OWL LAB at The Dybbuk - Undisciplining the Archive

Three of the OWL LAB fellows, David Lockard, Hadassa Goldvicht and Guy Dolev presented installations and performance in the frame of the international conference "The Dybbuk - Undisciplining the Archive", 25.4.2022.

About the works:

David Lockard

David Lockard "Kfar Shaul" (performing memory, drawing on charcoal) | The Garage Theater Foye | The OWL LAB - Objects, Words and Labyrinths. An Attempt to Get Lost in Performance Research (Department of Theater Studies, Hebrew University & Mamuta Art and Research Center In the frame of The Dybbuk - Undisciplining Archive [more soon]

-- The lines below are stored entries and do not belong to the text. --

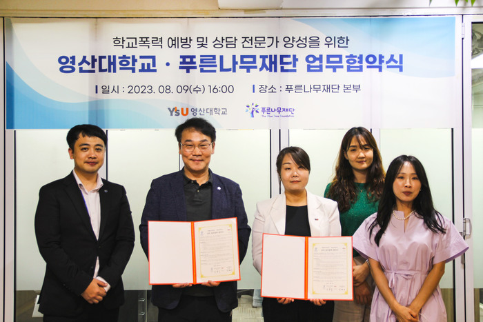이번 협약에는 영산대 경찰행정학과 심혜인 교수, 푸른나무재단 이종익 사무총장, 유범열 과장 등이 참석했다.
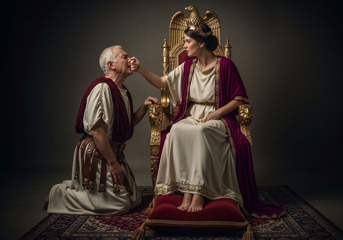 This image depicts a Roman Empress in imperial robes, barefoot on her throne. She is slapping a kneeling senator. The image is photorealistic with a shallow depth of field.
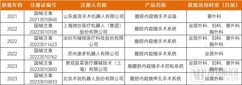 目前国内获NMPA批准(境内)的腔镜手术机器人共6家,整体获批在数量上实现逐年突破。
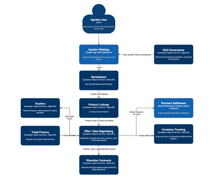 agridex 通过提供一个基于区块链的去中心化市场来应对这些挑战,该市场旨在促进透明度、问责制和公平性。通过利用区块链不可篡改的账本,agridex 降低了成本,增加了选择,打击了欺诈,并验证了交易商品的质量、来源和可持续性。该平台旨在解决效率低下、欺诈以及融资和保险渠道的问题,从而创建一个更加公平的贸易体系。
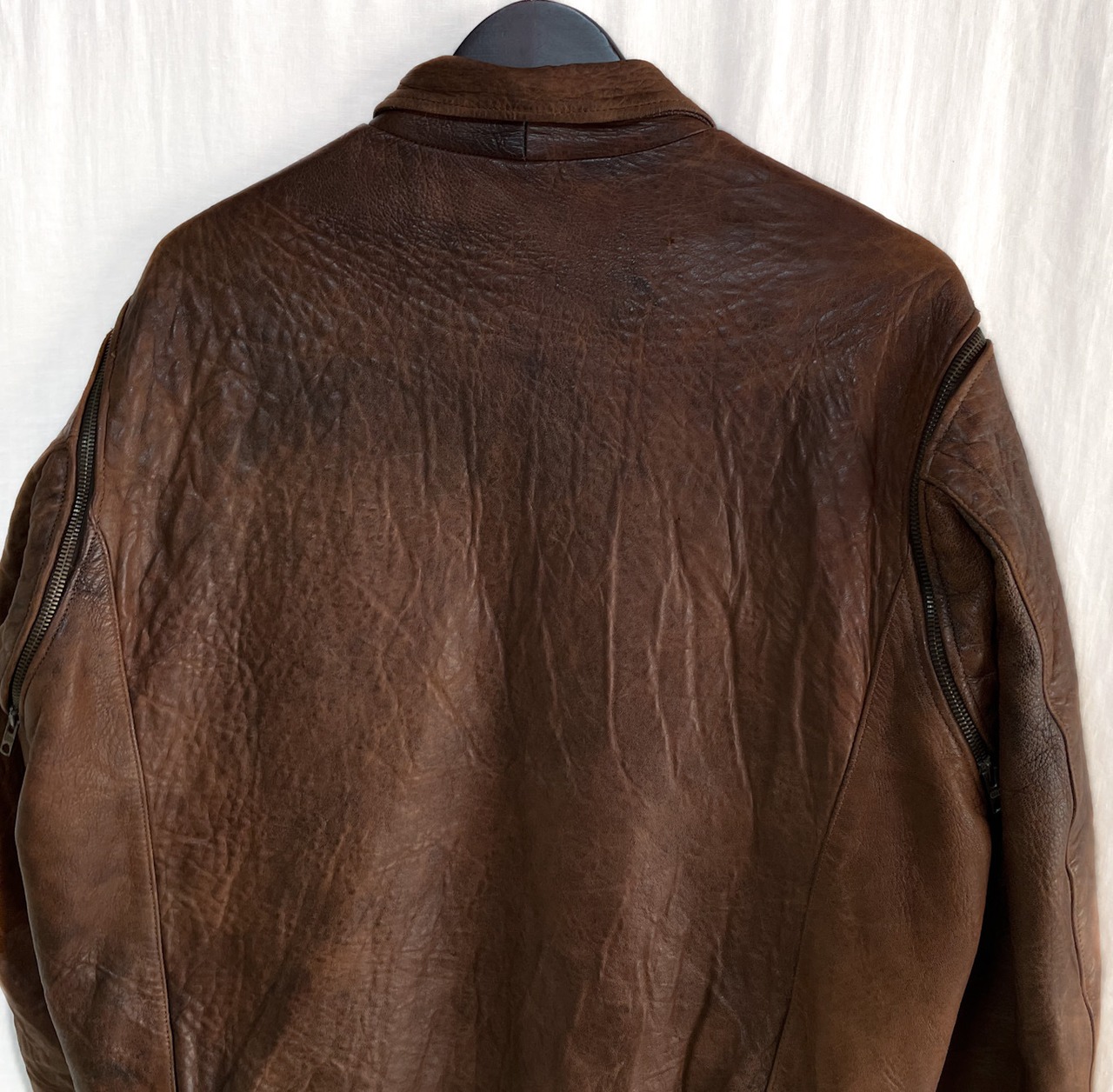 【Condition】 レザー特有のスレキズ、やや汚れ、裏地にややダメージあり。着用感ございますが大きなダメージなくまだまだご愛用いただけます。
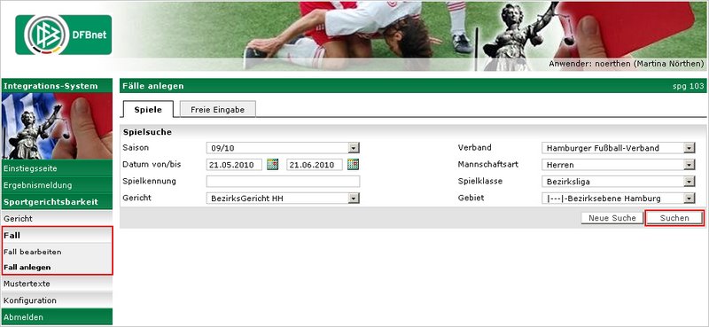 In dem ersten Modus muss nach Spielen in dem DFBnet gesucht werden. Hierbei werden Berechtigungen der Richter bzw. Staffelleiter berücksichtigt, die dem Benutzer über die Benutzerverwaltung bzgl. der Rolle Sportrichter oder Staffelleiter für die Anwendung Sportgerichtsbarkeit (in den Spielgebieten (mit Vereinen in diesen Gebieten), Mannschaftsarten und Spielklassen) gegeben wurden. In der freien Eingabe kann der Benutzer alle relevanten Daten über entsprechende Textfelder eingeben. Die Auswahl des Modus erfolgt für die Wahl des Tabs. Klickt der Benutzer auf den Menüpunkt „Fall / Fall anlegen“, werden ihm 2 Tabs – „Spiele„ und „freie Eingabe“ - angeboten. Durch Auswahl des Tabs gelangt man in den entsprechenden Modus.

Visiting Kfar Shaul, one quickly senses that the place wasn’t originally built as a psychiatric hospital. The stone structures scattered over the hill that make up the complex are mostly residential, and clearly quite old. The hospital is surrounded by a wall. The original name of the place is not on the maps, and there is no sign telling of its history.

A person I love was hospitalized there for several months, and I visited her nearly daily during this period. Every day, when I got back home, I tried to draw a map of the place from memory. After a month I knew every window, every door, every staircase that was left. It has been three years since she was discharged. I have not been there since, and I have not looked at my maps. I am drawing the map for the first time since then.

The Kfar Shaul Mental Health Center was opened in 1951, within repurposed homes and structures of the Palestinian village of Deir Yassin. Three years earlier, on April 9th 1948, Zionist paramilitary forces attacked and conquered the village. During the battle and its aftermath, some 100 Palestinians, a large number of whom were civilians, were killed in what is widely considered one of the worst massacres of the 1947-8 war.

My first image of the hospital, from my initial visit, is this: a man walking outside the fence has stopped to reach through it. He is trying to pick a fig off a tree that’s on the other side. He has difficulty reaching, but in the end manages to grab a fig. He inspects it carefully, and eats it slowly, like one does with fruit one has picked oneself. I wonder if it is tasty. It is August. The fig must be quite hot.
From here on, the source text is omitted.